**TASK PROMPT**. Restate word for word the lines below from the one that has "D. CASIMIR PERIER, Președintele" through the one that has "Prezident İlham Əliyev", keeping both and dropping all pictures.

(Collected data entries)
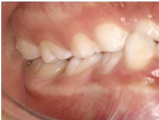
Fig. 5 Fotografía intraoral lado derecho
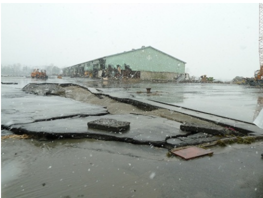
写真-5 荷さばきヤードの洗掘による沈下・陥没

津波による瓦礫のため限られた場所のみの調査であったが、大手埠頭（矢板式・栈橋式岸壁）の岸壁本体に甚大な損傷は認められず、荷さばきヤードに沈下・陥没（写真-5）が確認された。大規模な液状化の発生は無かったものと考えられるが、一部で液状化により舗装に損傷が発生し、次に津波が作用し洗掘されたことによる沈下・陥没と考えられる。穀物用のアンローダー（荷揚げ用機械）が3機（免震機構を有さない）設置されていたが、1機がレールからの脱輪（写真-6）、残り2機は岸壁上に存在せず、車輪の一部のみが残留していた。地震動により海中に倒壊したものと考えられ、対策としてはアンローダーへの免震機構導入の技術開発が有効である。
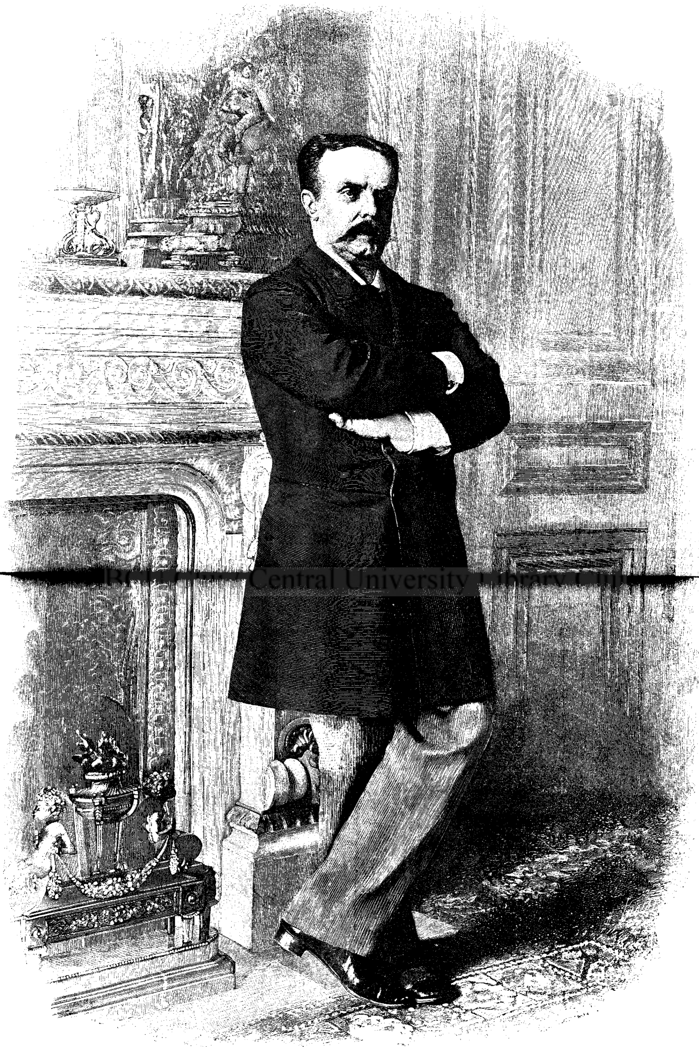
D. CASIMIR PERIER, Președintele Republicei Franceze.
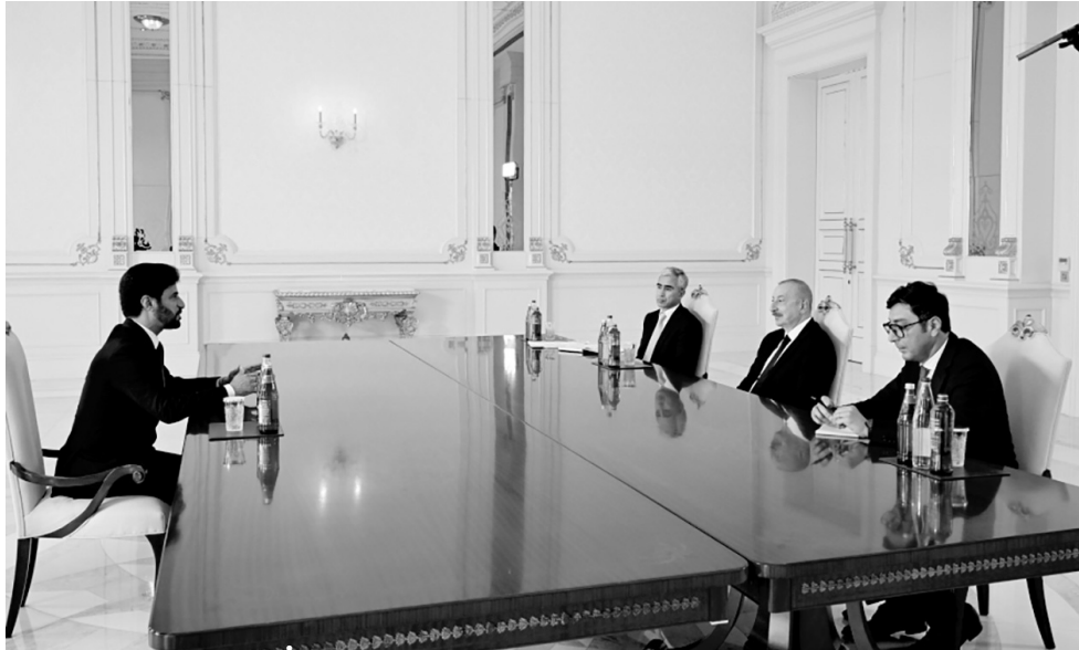
Prezident İlham Əliyev Beynəlxalq Avtomobil Federasiyasının prezidentini qəbul edib

Azərbaycan Respublikasının Prezidenti İlham Əliyev sentyabrın 15-də Beynəlxalq Avtomobil Federasiyasının prezidenti Məhəmməd Ben Sulayemə qəbul edib. AZƏRTAC xəbər verir ki, Məhəmməd Ben Sulayem ötən ilin dekabrında Beynəlxalq Avtomobil Federasiyasının Baş Assambleyasının və Federasiyanın mükafatlandırma mərasiminin Bakıda keçirilməsinə verdiyi dəstəyə görə dövlətimizin başçısına minnətdarlığını bildirdi. Qonaq Azərbaycan Avtomobil
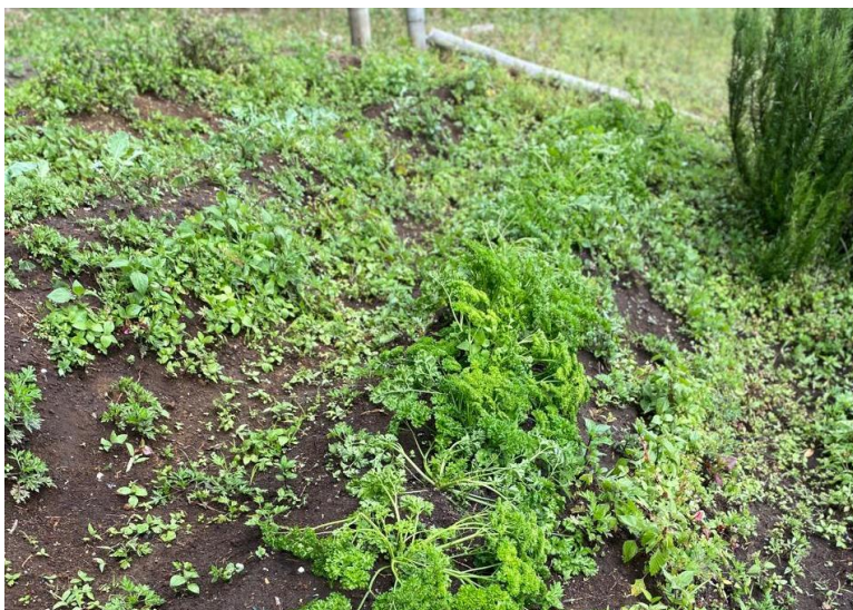
Ilustración 3 Cultivo en Marinilla

Dentro de nuestros proveedores, el insumo más importante para nuestra empresa correspondiente a las plantas, es otorgado por mujeres campesinas en situación de vulnerabilidad. Adicionalmente, el 80% de nuestros proveedores son locales, es decir, se encuentran en la ciudad de Medellín o sus alrededores y el 20% son nacionales, ubicados en otras ciudades del país. Lo anterior, con el fin de minimizar la huella de carbono y apoyar los negocios locales. Además, todos son emprendimientos o certificados en negocios verdes, cuyo valor principal es crear insumos 100% naturales y conscientes con el medio ambiente. Para nuestros proveedores emprendedores y mujeres campesinas, realizamos acompañamiento en temas relacionados a finanzas, costos, entre otros; con el fin de empoderarlos y promover en ellos habilidades para que sus negocios crezcan.
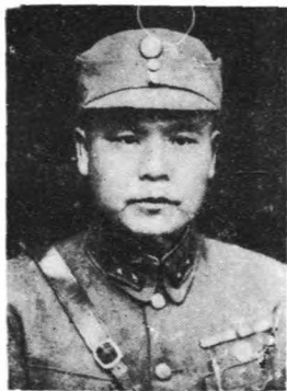
長 處 安 保 誠 敷 蕭
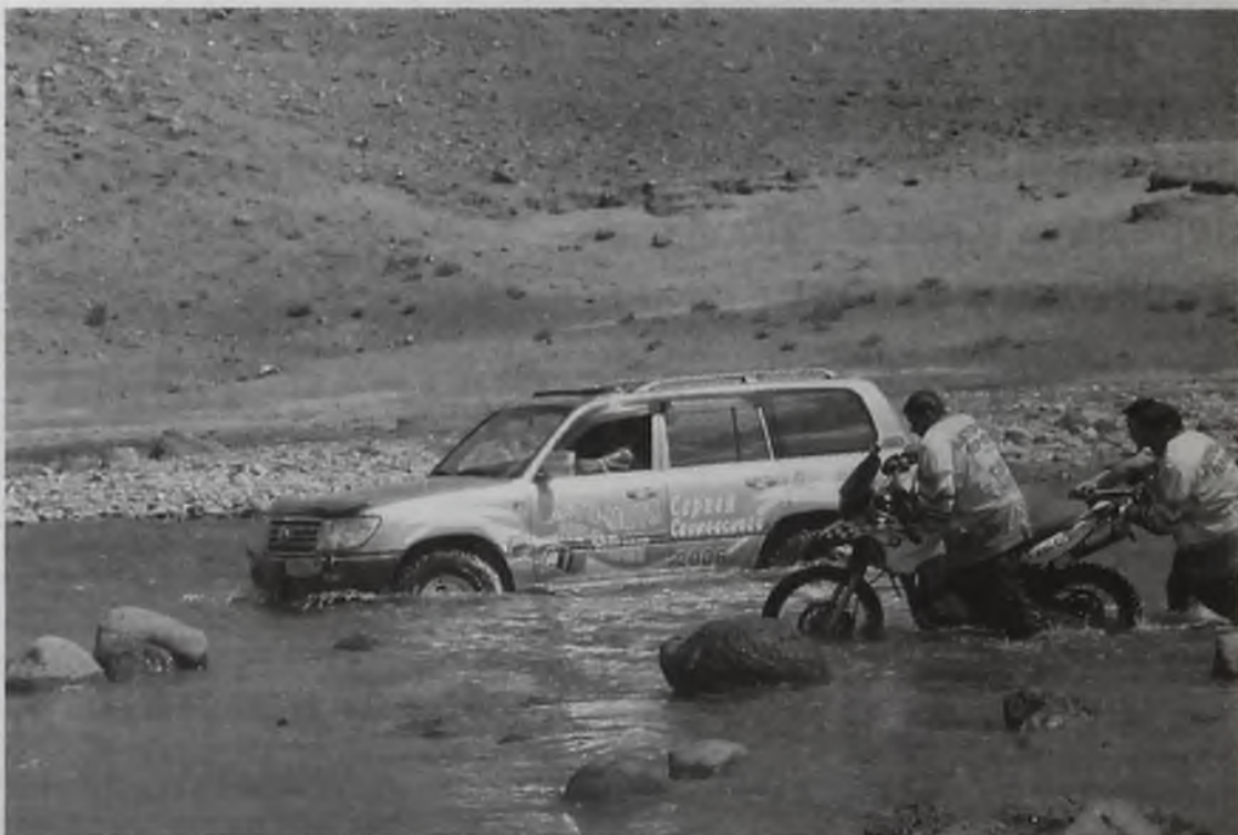
Монголия покоряется сильным
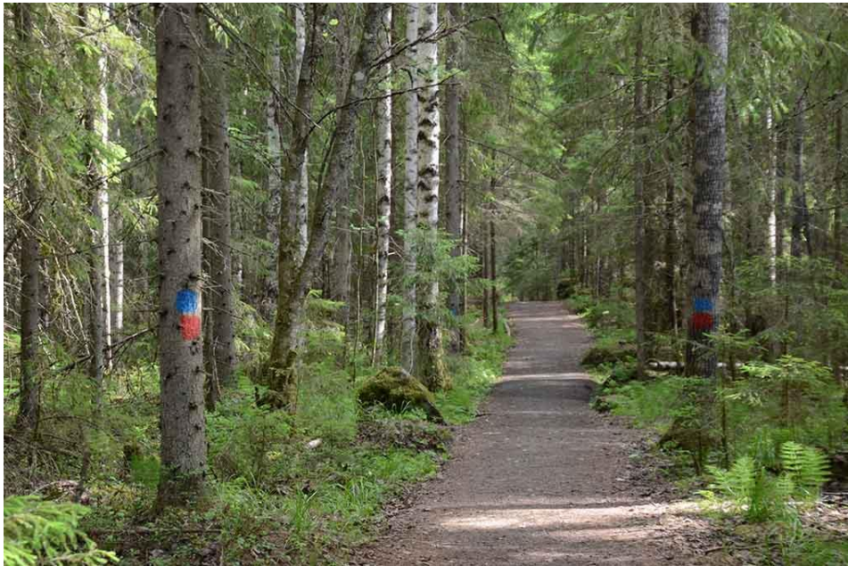
Kuva 3. Jätkien polkupyöräura ja reittimerkintöjä.

**RESULT**.
D. CASIMIR PERIER, Președintele Republicei Franceze.
Prezident İlham Əliyev Beynəlxalq Avtomobil Federasiyasının prezidentini qəbul edib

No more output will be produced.